The draft curriculum included the following Year 2 elaboration
comparing numbers written with Roman numerals with numbers written using the base 10 place value system and explaining why the place value system is easier to use
As noted by commenter Alex, this elaboration was removed for the approved curriculum. It has been replaced by nothing, unless one counts the Year 3 “Japanese numeral system” twaddle, which was addressed in the previous post. In any case, except for a brief reference in the glossary (Word, idiots), Roman numerals make no appearance in the new curriculum.
UPDATE (20/01/2023)
It’s somewhat off the point of the post, but there’s a nice one-man Roman history site here, with a good page devoted to roman numerals.
Two questions about Roman numerals (not relating to the study design)
1. Why is 8 written VIII and not IIX?
2. Why is the number IV written as IIII on clock faces?

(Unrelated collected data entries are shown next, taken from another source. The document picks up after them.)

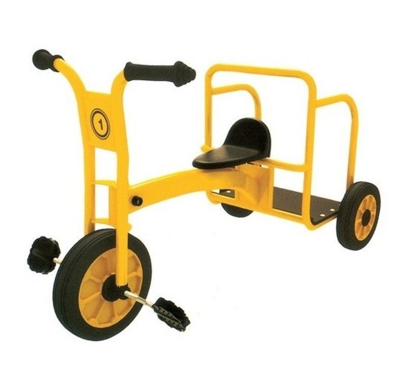 Triciclo escolar taxi amarillo y negro, ideal para niños pequeños. Fabricado en metal y plástico resistente, con asiento cómodo, pedales seguros y barra de protección trasera. Diseño divertido y funcional para que los más pequeños disfruten aprendiendo a pedalear en un entorno seguro y divertido.
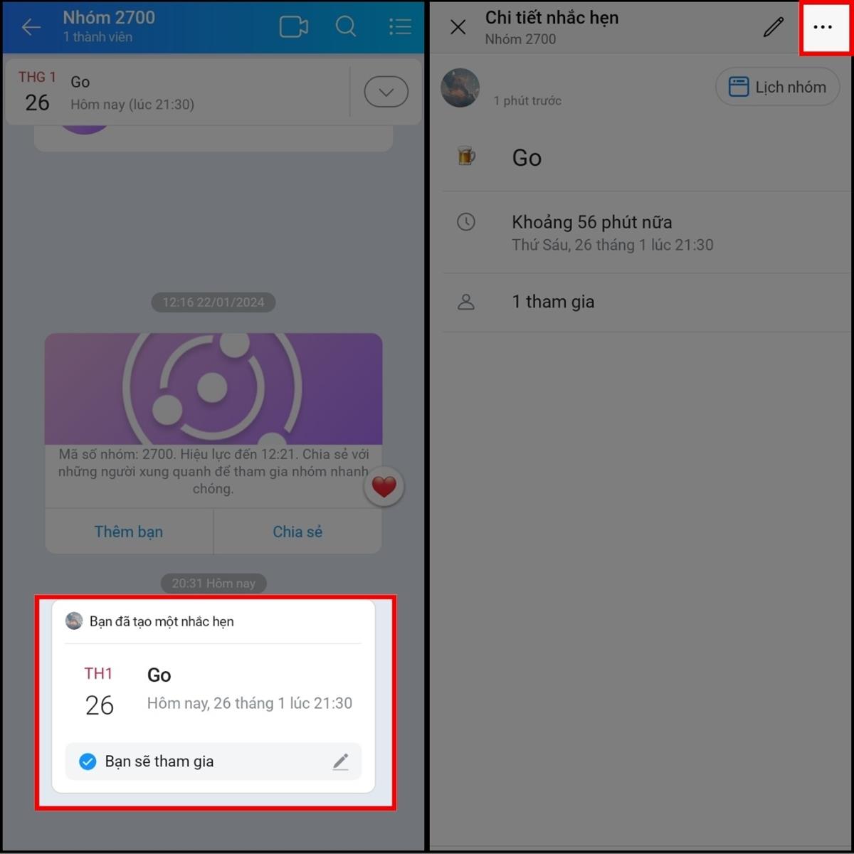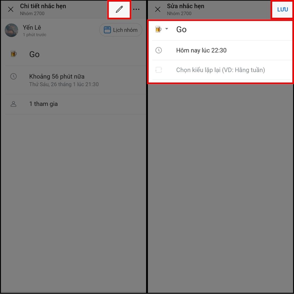 Chẳng may đặt lịch nhắc hẹn với bạn bè trong nhóm, nhưng lại bị sai thông tin về thời gian. Dưới đây là cách hướng dẫn sửa lịch hẹn:
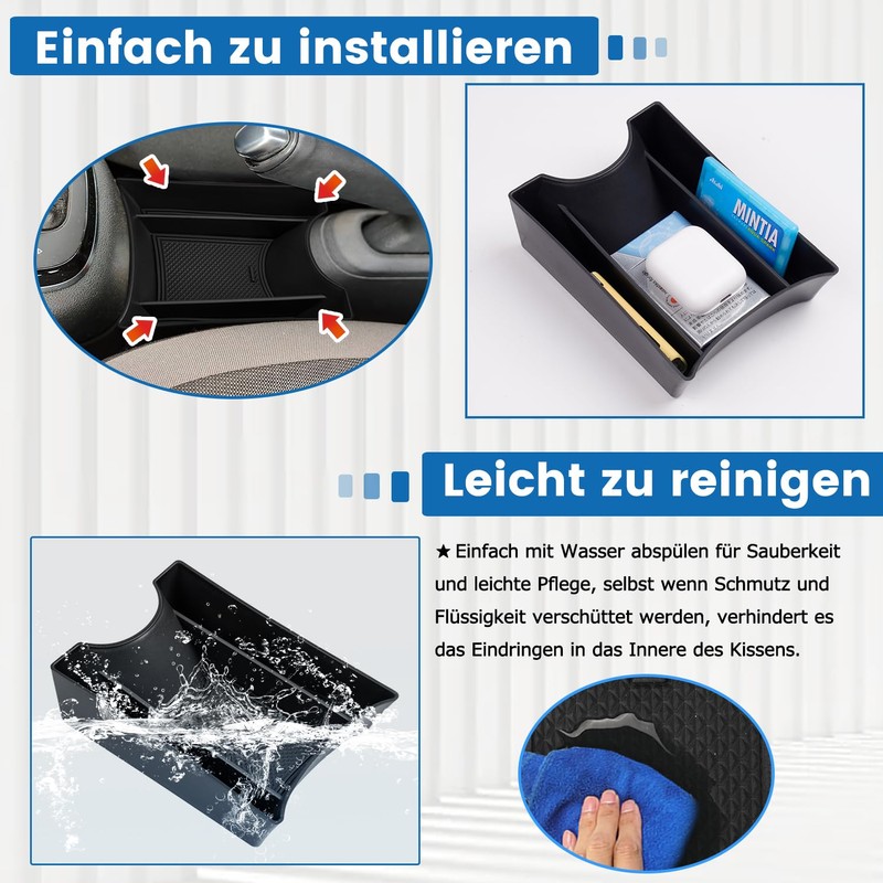 - Die Installation ist Ganz Einfach und Ohne Werkzeug ---- Platzieren Sie es einfach an der richtigen Stelle auf der Mittelkonsole und es bleibt dort, wo es ist. Es sind keine Werkzeuge erforderlich. Es passt perfekt zu verschiedenen Komponenten im Autoinneren und beeinträchtigt nicht andere Funktionen des Fahrzeugs. Zudem lässt es sich zum Reinigen leicht herausnehmen, wodurch der Innenraum aufgeräumt bleibt und Benutzerfreundlichkeit und Komfort verbessert werden.

As to why Japanese numerals have suddenly received a mention and Roman numerals are out… maybe more Grade 2 students are studying Japanese than Italian nowadays. (Sarcasm intended).
1. Not always.
Answer: See attached.
2. Not all clocks.
Answer: When Roman numerals were in use by the Roman Empire, Jupiter (the name of the Romans’ supreme deity) was spelled as IVPPITER in Latin. There was a feeling that using the start of Jupiter’s name on a clock dial, and it being upside down where it fell, would be disrespectful to the deity, so IIII was introduced instead.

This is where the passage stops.